Is there any example of space not having the homotopy type of a CW-complex?

Solution 1:

Since you are now asking for a connected example, here is a justification for Harry's example:

Lemma. The Hawaiian earring $H$ is not homotopy-equivalent to any CW-complex $X$.

Proof. Suppose to the contrary, $f: H\to X$ is a homotopy-equivalence. Since $H$ is compact, so is $f(H)$. Hence, $f(H)$ is contained in a finite subcomplex $Y$ of $X$. In particular, the subgroup $f_*(\pi_1(H))< \pi_1(X)$ is contained in a finitely generated subgroup (the image of $\pi_1(Y)$ under the map $\pi_1(Y)\to \pi_1(X)$) and, hence, is at most countable. However, $\pi_1(H)$ is known to be uncountable, see http://en.wikipedia.org/wiki/Hawaiian_earring. Therefore, $f$ does not induce a monomorphism of fundamental groups and, hence, cannot be a homotopy-equivalence. qed

Example. Local contractibility is not preserved by homotopy equivalence. Consider a compact subset $C$ of $R^2$ which is the union of countably many unit segments $[0z_n], n\in {\mathbb N}$, in the plane, which all have the origin $0\in R^2$ as an endpoint. Then $C$ is not locally contractible at any accumulation point $z\in C$ of the set $Z=\{z_n: n\in {\mathbb N}\}$. On the other hand, the set $C$ is clearly contractible (as any starlike subset of the Euclidean plane). Thus, $C$ is homotopy-equivalent to the point and point is, of course, locally contractible.

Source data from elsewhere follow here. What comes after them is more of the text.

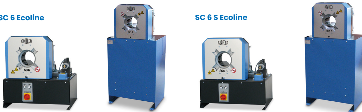
SC 6 S Ecoline
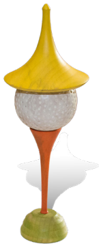
Work from the SPSW photo archives

Club Activities that continue despite current restrictions: Group meeting limits imposed during the pandemic have affected our ability to meet in person, and made many of the benefits we have traditionally offered to members much more difficult until we are able to meet in person again. But there are three things we are still able to provide. One is that Michael Poirier continues to offer mentoring up in the Lake Morton/Covington area. Second, Doug Reynolds offers wood cutting parties, when we have downed trees donated to the club. This is a great source of what is usually green wood for members to turn. Lastly, through Zoom, we have also been able to offer world-class demonstrators during our regular meeting time on the third Thursday of the month. If you are not joining us for these remote demos, you are really missing out! You helped fund them when you paid your dues. There is no extra charge for access to instruction from some of the finest woodturners in the world! We would like to see more of our members taking advantage of this wonderful resource! Please join us. If you haven't used Zoom to join a similar event before, just follow the directions at the end of this newsletter.
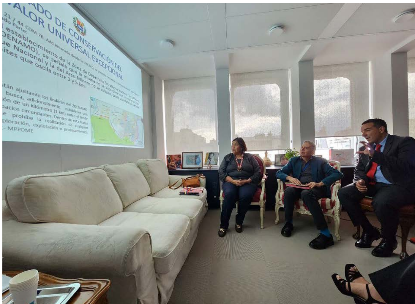
Minister Lorca met with delegations from Saudi Arabia, Russia and Mexico

T he Minister of People's Power for Ecosocialism, Josué Lorca, on behalf of the Bolivarian Republic of Venezuela, presented to the headquarters of the United Nations Educational, Scientific and Cultural Organization (UNESCO) in Paris, France, the progress made by the Bolivarian Government in the conservation of the country's declared World Heritage Sites.
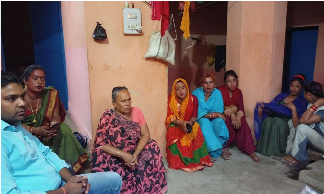
Interaction with TG by our ORW regarding Testing
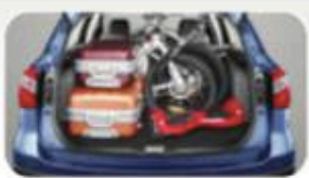
Luggage Capacity (430 Lt)
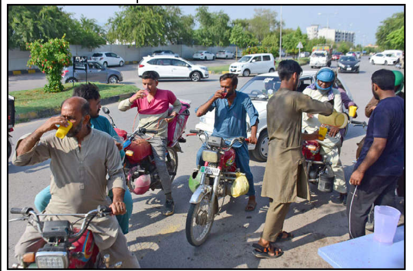
ISLAMABAD: People drinking free sweet water (Sharbat) from a roadside Sabeel at sector G-II in the Federal Capital.
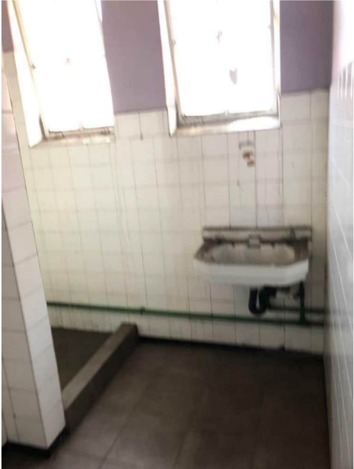
Figure 53.) View illustrating the internals of the office building and store. Refer to plans for list of additions, alterations & proposed demolition.
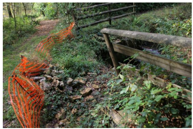
The broken culvert in the Victorian leat which will be repaired.

The project will attract a wide range of volunteer participation from school children and adults of any age and ability. Part of the initiative will see the removal of large amounts of silt from one of the Centre's ponds, and repairs to a broken culvert forming an essential part of the floodwater leat bypass system.
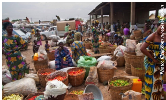
Fresh vegetables at the market

Food markets in many developing countries are undergoing fundamental transitions. Urbanisation and growing middle-class incomes have pushed for new consumer needs, and value chains have evolved to include more and more contribution of value addition activities. There is a growing demand for safe, convenient, nutritious and quality food as well. Thus unlike in the past, strategies for managing PH losses, can no longer concentrate on farm-level activities, ignoring the rest of the PH chain where spatial interactions and value addition are possible.

In particular, Harry's reasoning is insufficient to prove that $H$ is not homotopy-equivalent to a CW complex.

Solution 2:

The Hawaiian earring does not have the homotopy type of a CW-complex. I'm not sure of any completely general method for determining of a space has the homotopy type of a CW-complex.

Edit: The Hawaiian earring not having the homotopy type of a CW-complex comes from it not being locally contractible, which every CW-complex must be. To demonstrate that it isn't locally contractible, consider an open neighbourhood of the origin and observe that any such neighbourhood will contain all but finitely many circles. This is homeomorphic to the entire earring, which is not contractible.

Solution 3:

The cantor set is one.

It is s compact space with infinitely many connected components, and compact CW spaces can only have finitely many.

Solution 4:

Here are two more examples similar to Mariano's answer (together with Moishe's comment).

Example 1. Let $A \subset \mathbb{R}$ be $$A = \{ \frac{1}{n} \mid n \in \mathbb{N} \} \cup \{0\}.$$ Let $f \colon A \to Y$ be a map to a CW complex $Y$. Then the point $f(0) \in Y$ has a path-connected neighborhood $V \subseteq Y$, and there is a neighborhood $U$ of $0 \in A$ satisfying $f(U) \subseteq V$. Hence, $f$ induces a map on path components $f_* \colon \pi_0(A) \to \pi_0(Y)$ which is not injective. In particular, $f$ is not a homotopy equivalence.

Example 2. Let $T \subset \mathbb{R}^2$ be the topologist's sine curve $$T = \{ (x, \sin \frac{1}{x}) \mid x \in (0,1] \} \cup \{(0,0)\}.$$ Let $f \colon T \to Y$ be a map to a CW complex $Y$. Since $T$ is connected, $f(T)$ is connected. Since the path components of $Y$ agree with its connected components, $f(T)$ lies within one path component of $Y$. Hence, $f$ induces a map on path components $f_* \colon \pi_0(T) \to \pi_0(Y)$ which is not injective.

Remark. Example 2 holds more generally for any space $X$ with some connected component that contains more than one path component. In fact, the property that connected components agree with path components is invariant under homotopy equivalence.